The aim of this report is try to help tourist or business owner to open new detinations or places in the neighborhood depending on the experiences that neighborhood have. Once the data is obtained, the cluster and segmentation between neighborhood is created to see which neighborhood has the same simmilarity based on destination and places. This also will help people to make decision if they are want to migrate or move into another neighborhood.

# 3. Data Collecting

In this report, we require neighborhood (Kecamatan) for Jakarta and Surabaya. Using the location of the neighborhood we can search most popular venue or places for each categories using **Foursquare API**. We also need the coordinates/geographical location for each neighborhood in Jakarta and Surabaya. Using the coordinates of the neighborhood we can visualize with **OpenStreetMap using Folium API**.

## 3.1 Jakarta

In order to get neighborhood (Kecamatan) in Jakarta we scrape the data from : https://id.wikipedia.org/wiki/Daftar_kecamatan_dan_kelurahan_di_Daerah_Khusus_Ibukota_Jakarta

In this wikipedia page there is several table representing each Town in Jakarta. in each table, there is data about name of neighborhood (Kecamatan) for each town and name of villages (Kelurahan) for each neighborhood.

After doing data processing we limit the data and concatenate 5 table into 1 table containing information about : 

1. *Neighborhood* : Name of kecamatan, we call this neighborhood to make it easy for report.
2. *Town* : Name of Administrative Town for each neighborhood.

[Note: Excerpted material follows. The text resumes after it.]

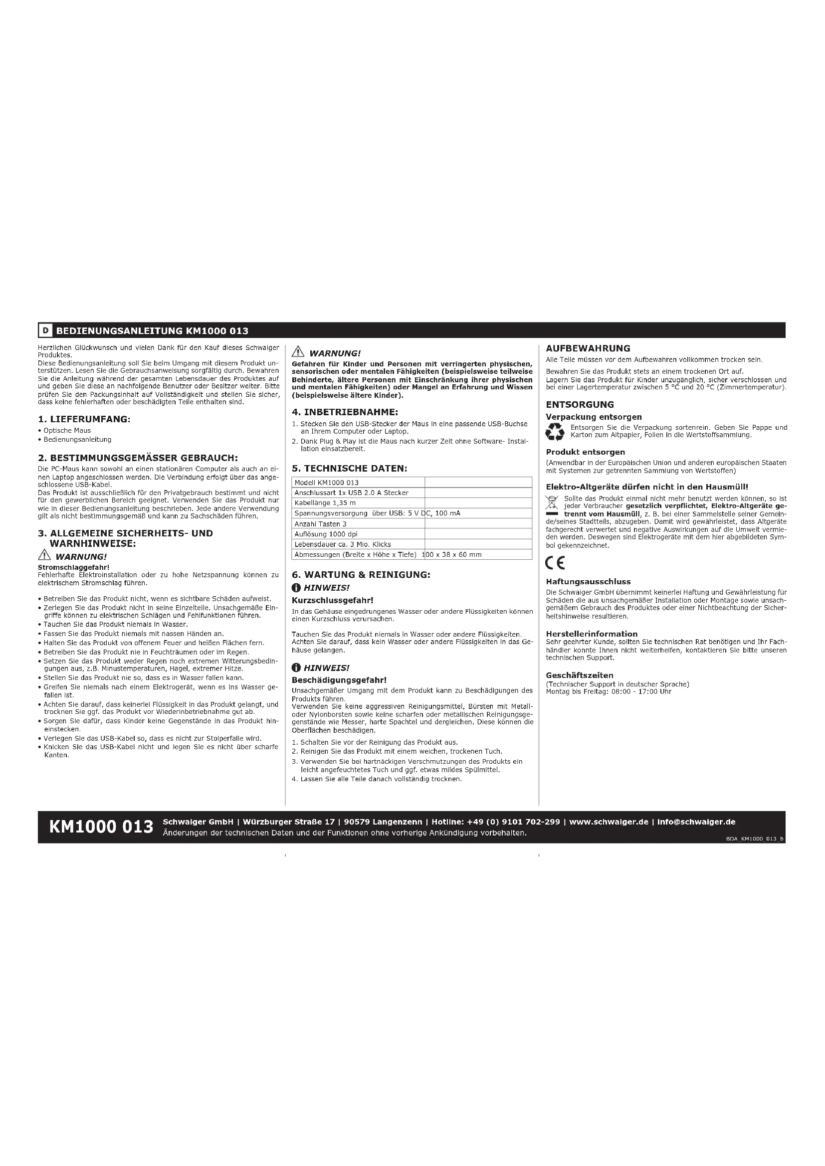 ATTENTION ! Risque de court-circuit ! L‘eau ou d‘autres liquides ayant pénétré à l‘intérieur du produit peuvent provoquer un court-circuit.N‘immergez jamais le produit dans l‘eau ou d‘autres liquides.Veillez à protéger le produit contre toute pénétration d‘eau ou d‘autre li-quide. ATTENTION ! Risque de dommages ! Une mauvaise manipulation du produit peut endommager celui-ci.N‘utilisez pas de produits de nettoyage agressifs, de brosses à poils métal-liques ou en nylon, ni d‘objets de nettoyage tranchants ou métalliques tels que des couteaux, des spatules rigides, etc. Ceux-ci peuvent endommager les surfaces du produit.1. Déconnectez le produit avant de le nettoyer.2. Nettoyez le produit avec un chiffon doux et sec.3. Pour les salissures tenaces, utilisez un chiffon légèrement humide et, si nécessaire, un peu de détergent doux.4. Laissez ensuite le produit sécher complètement.BDA_KM1000_013_bLe diamo il benvenuto e la ringraziamo per aver effettuato l’acquisto di questo prodotto SCHWAIGER.Queste istruzioni per l‘uso hanno lo scopo di aiutarvi nell‘uso del prodotto. Legga accuratamente le istruzioni per l’uso. Conservi la guida per tutta la durata del prodotto e le consegni all’eventuale successivo utilizzatore o proprietario. Verifichi che il contenuto sia completo e si accerti che non siano contenute parti difettose o danneggiate.

At the end, we obtained 48 rows of data each representing its neighborhood.

## 3.2 Surabaya

We scrape neighborhood data in Surabaya also from wikipedia page : https://id.wikipedia.org/wiki/Daftar_kecamatan_dan_kelurahan_di_Kota_Surabaya

In this wikipedia page there is just containing 1 table with the same information from wikipedia page in Jakarta. Because the table contains some data that we do not need so we can keep the same information we got fram table Jakarta.

## 3.3 Nominatim OpenStreetMap

The data scraping from wikipedia page does not give information about the coordinates for each neighborhood. So we can use Nominatim OpenStreetMap API in order to get *latitude* and *longitude* for each neighborhood.

Using Nominatim OpenStreetMap API in python we can use **geopy** library and import **geopy.geocoders.Nominatim** package into notebook.

Using nominatim we can pass neighborhood keyword into nominatim object and get the representing latitude and longitude so we can add this information into neighborhood table for Jakarta and Surabaya.

## 3.4 Foursquare API

Foursquare is a company focusing on social media services. One of their products is Foursquare City Guide commonly called Foursquare is a product that give information about venues, places, or events within an area of interest. This app also proveides personalized reccomendations of places to go in near the user's current location based on other user's rating for the places. Using Foursquare API we can find data about different venues for different neighborhood. With Foursquare API we can make a call containing neighborhood information so we can gain information about the places or venues.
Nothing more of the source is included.